By Isaac Butler
The past looms large in Zakiyyah Alexander’s
10 Things To Do Before I Die. In the play, directed by Jackson Gay for Second Stage Uptown, two estranged sisters pick over their past and ten boxes of their dead father’s belongings while trying to make sense of their lives. The older sister, Vida, is a high school teacher unable to quite cope with her students, her panic attacks and the married man she’s dating. Meanwhile Nina, whose highly-autobiographical and successful first novel is the source of their estrangement, struggles with writer’s block, self-medicating and a relationship she’s not sure she wants.
It is the past’s power over us that is ultimately the subject of the play. “I always knew that the play would somehow revolve around going through boxes of stuff and reconnecting to your past. And, I also knew it would be about sisters,” Alexander wrote in an e-mail interview recently, “everything else was a surprise.” Each of the play’s characters face turning points provoked and shaped by the lives that came before. Vida’s favorite student, a sensitive budding writer named Jose explains his abusive father with discussions of his own father’s childhood. Vida and Nina are not only held back by each other’s past actions, but by their own struggle to understand their parental abandonment from an early age. Nina’s live-in boyfriend Jason struggles between his looser past-self and the well compensated corporate manager he could be.
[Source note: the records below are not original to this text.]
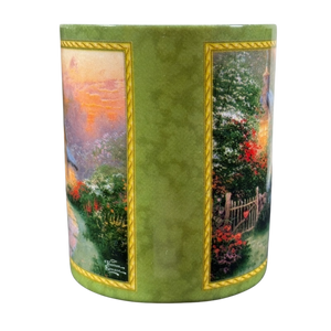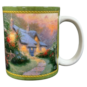 Features the same artwork on its front and rear surface depicting a beautiful image of a house nestled in the countryside.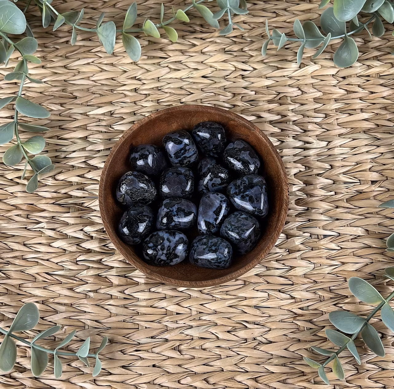 På bilden ser ni trumlade stenar av indigo gabro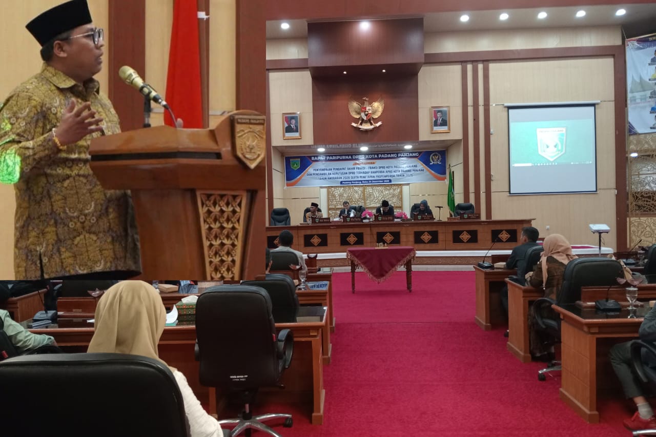 Padang Panjang (Sumbar), kuantan xpress – Wali Kota Padang Panjang, Hendri Arnis, menyinggung kinerja Dewan Kerajinan Nasional Daerah (Dekranasda) saat Rapat Paripurna DPRD Kota Padang Panjang dalam agenda pengesahan Anggaran Pendapatan dan Belanja Daerah (APBD) Tahun Anggaran 2026. Sidang berlangsung di ruang rapat DPRD Kota Padang Panjang, Rabu malam (24/12/2025).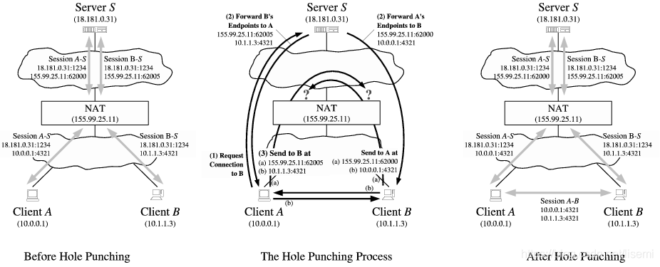 - 同理,B给A公网地址方法的第一个消息也会在B的NAT上“打洞”来为地址(10.1.1.3:4321, 155.99.25.11:62000)建立回话。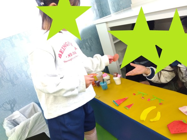 「これなあに?」「これください」などやりとりをしながらみんなでたくさんお買い物をしました😊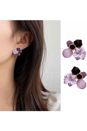 Fransız Tasarım Asil Mor Çiçek Küpe Fransız Tasarım Asil Mor Çiçek Küpe çiçek10262 S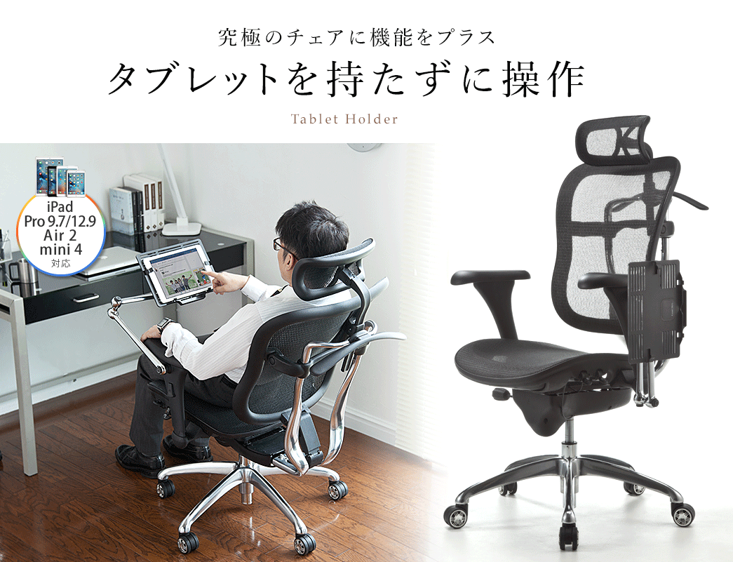 そんなお悩みを解消。手ぶらでタブレットを操作できるチェア一体型のホルダー。

Interspersed with all of this is a recurring discussion of the problematic nature of autobiography. Alexander’s interest in autobiography sprang from her “reflection on family, and what it means to look back on the past from different eyes.” While Nina says that her goal in writing an autobiographical novel- titled
The Men Who Fucked Nina- was simply to understand and reconcile herself to her own past, Vida is so incensed by the passages about her that she can quote them verbatim. Over its two acts, the play marries a quintuple-coming-of-age story with a meditation on our responsibilities when looking to and reconciling with our lives.
10 Things To Do Before I Die threads a fairly singular needle. The play is about autobiography and the past without being about the playwright’s autobiography and past. Contemporary audiences are used to seeing artists root through their closets for skeletons. Many theatre artists make entire careers out of their lives. Currently running at St. Ann’s is Cynthia Hopkins’
The Success of Failure (Or The Failure of Success) the third part in an autobiographical trilogy of work. Monologist Mike Daisey interweaves his own life story with the subjects of his pieces. This strain of American Drama may have reached its peak with Lisa Kron’s
Well, which not only starred Kron but had the actress Jayne Houdyshell appear with her on stage and play her mother, offering factual corrections and interjections about Kron’s work.
Then of course there is Eugene O’Neill. If there was a hall-of-fame for autobiographical work, he would probably be the first inductee. After putting stand-ins for his parents in several plays (including
Moon for the Misbegotten and
Mourning Becomes Electra) he finally managed to create
Long Days Journey Into Night, about which the only fictional element seems to be that he changed his own name in the play. He was so horrified by his own creation that he demanded it be sequestered until twenty-five years after his death, a demand his own widow disobeyed.
The play weaves together many themes beyond all of this. The relationships between men and women, teachers and students, art and people, childhood and adulthood and dreams and reality all get a good workout over the play’s two acts. It also jumps between naturalism and lyrical diversions and dream sequences. According to Alexander, “darker feelings always feel a little surreal to me… By popping from what may at times feel naturalistic to a more language rich text there is hopefully room to experience the shift the characters are going through.”
10 Things To Do Before I Die marks Alexander’s first major production in New York, an experience she has found “equally fun and stressful.” The play runs through June 14th as part of Second Stage Uptown’s summer season. After that, another writer, Lila Rose Kaplan, will have her New York debut with
Wildflower, a play about a mother and son fleeing their past to Crested Butte, Colorado.